To answer your question, there is no way to "undo" the Operation = RefreshAccessToken.

However, there is an approach that might mitigate the problem. The "ReuseRefreshToken" element in the OAuthV2 policy tells the policy to just keep the refresh_token, even when generating a new access token. This means the refresh will be idempotent, if not atomic. When the app calls for refresh, it will get access_token generation N+1, but it will retain refresh_token generation 1. For ever and ever.

See here for documentation of the element.

HT to @Chris Svee .

mstellinga

We're looking at making the callout asynchronous, but our error analytics show that that callout is only part of the problem. I think a large part is phones losing their connection, but I can't be sure - we're still investigating and trying to reproduce it in a test situation.

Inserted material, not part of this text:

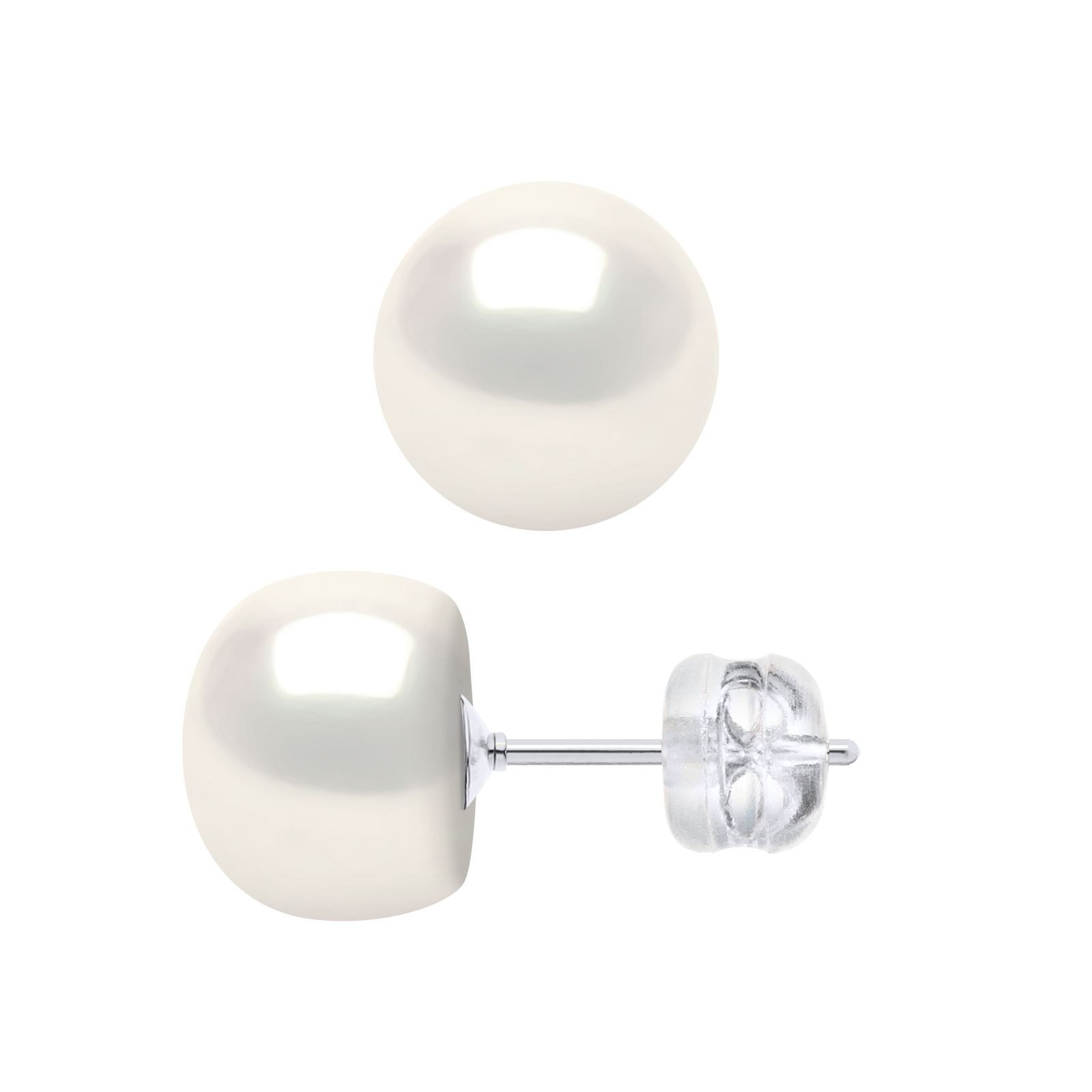 Boucles d'Oreilles en Or Blanc 375 Millièmes orné de Véritables Perles de Culture d'Eau Douce BOUTONS 8-9 mm - Colori Blanc Naturel - Système Poussettes SECURITE SILICONOR - Livré avec Certificat d'Authenticité et de Garantie - Frabriqué en FRANCE

Reusing the refresh token is also an option, but that has security implications. Currently, if the refresh token is stolen, that's only a problem until the next refresh. If the refresh token is valid forever and it's stolen, that's much more problematic. We'll need to add extra extra security measures (pin in to the device ID or something similar).

So I was hoping there was perhaps a third option, like an undo, but I might be out of luck 🙂

apigee-4

Hi Guys,

We have the same problem and are in contact with support couple of months now to address the issue.

In our case it is the client connection that is the problem (mobile phone, e.g. mobile connection, which is out of our control).

When the client does not get the new token-set, it fails to continue to work and the end-user Must login again.

We hoped to configure somewhere how many times Max. a refresh token may be used. (E.g. maximum of 2 times using a single refresh token.), or something that resets the refresh time of the first refresh token, to be a maximum of 1 hour (to retry) and have another length for the new refresh token.

So far, we do not have a proper solution to mitigate the issue.

Having the same refresh token for the complete "session" (ReuseRefreshToken) has to much security implications for us.

Regards,

Gijs